- **Task description**
Repeat the data exactly. Pictures are not part of the copy.

- **Collected data**
• • • •
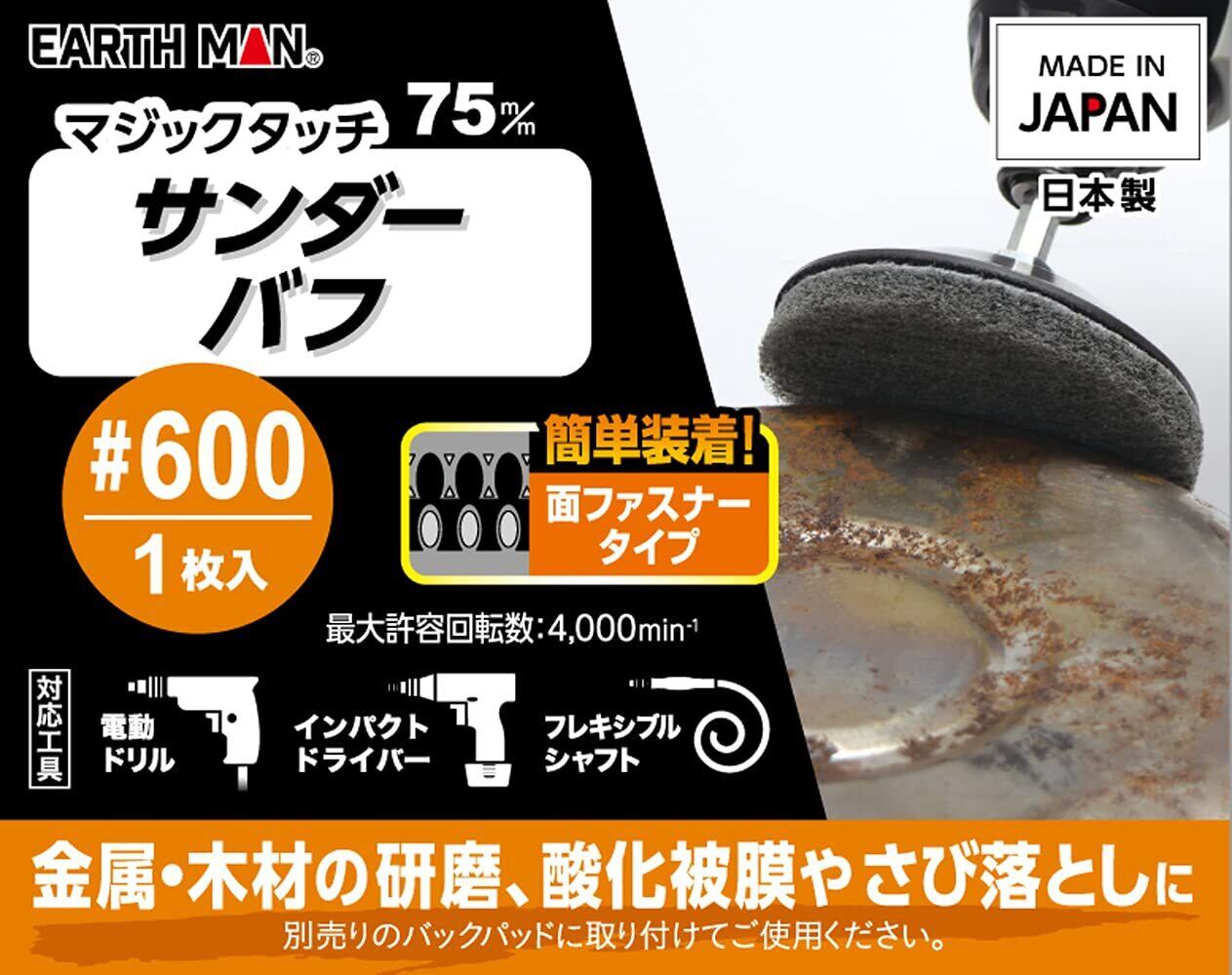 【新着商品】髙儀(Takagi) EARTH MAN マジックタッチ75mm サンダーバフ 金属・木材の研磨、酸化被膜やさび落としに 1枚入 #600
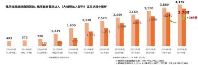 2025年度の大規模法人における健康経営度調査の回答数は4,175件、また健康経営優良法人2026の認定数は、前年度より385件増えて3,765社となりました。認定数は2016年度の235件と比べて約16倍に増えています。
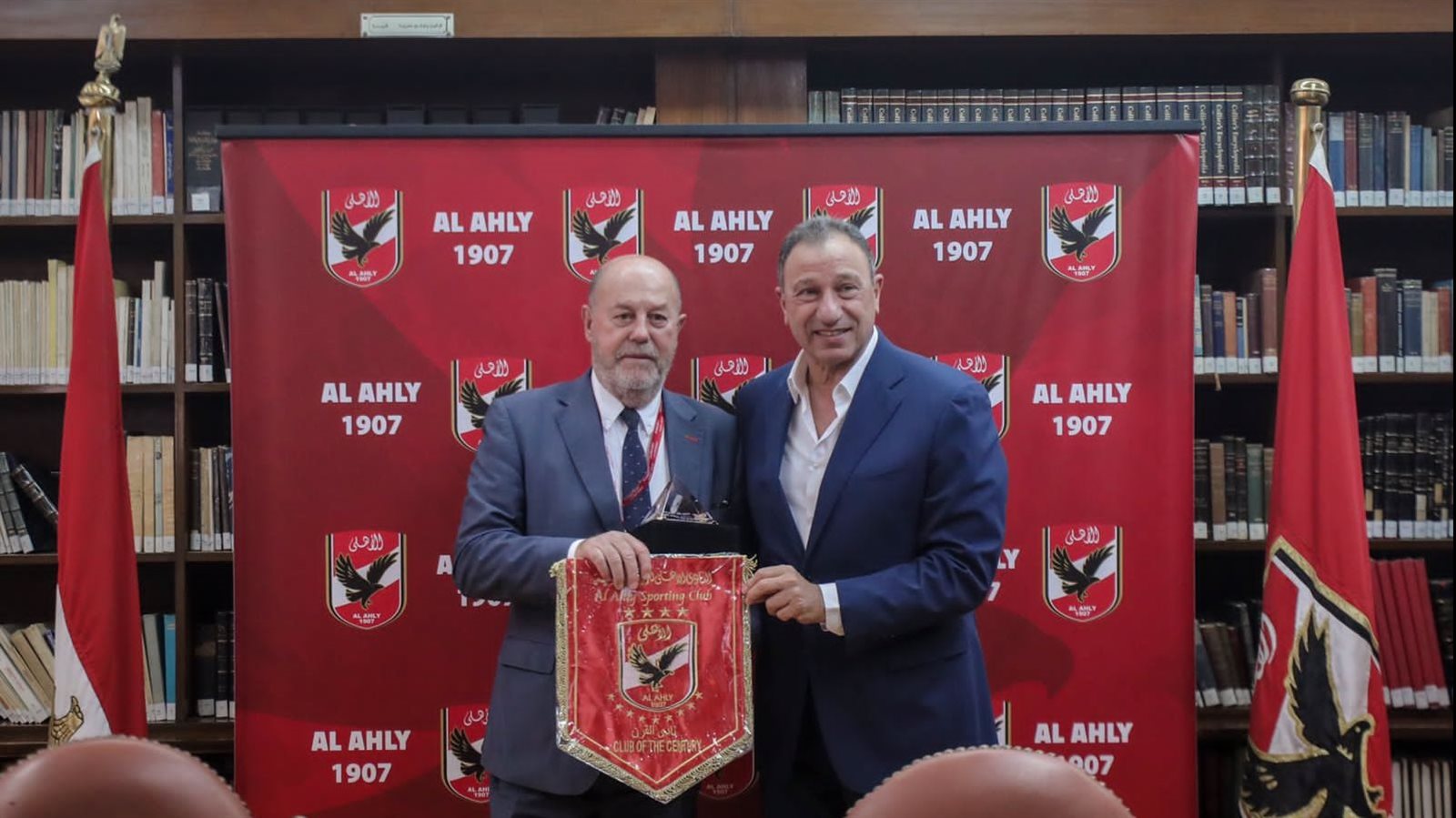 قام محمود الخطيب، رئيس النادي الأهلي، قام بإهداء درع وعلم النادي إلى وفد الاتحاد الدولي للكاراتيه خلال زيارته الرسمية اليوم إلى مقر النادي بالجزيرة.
• • • •
- **Solution to this problem**
 【新着商品】髙儀(Takagi) EARTH MAN マジックタッチ75mm サンダーバフ 金属・木材の研磨、酸化被膜やさび落としに 1枚入 #600
 2025年度の大規模法人における健康経営度調査の回答数は4,175件、また健康経営優良法人2026の認定数は、前年度より385件増えて3,765社となりました。認定数は2016年度の235件と比べて約16倍に増えています。
 قام محمود الخطيب، رئيس النادي الأهلي، قام بإهداء درع وعلم النادي إلى وفد الاتحاد الدولي للكاراتيه خلال زيارته الرسمية اليوم إلى مقر النادي بالجزيرة.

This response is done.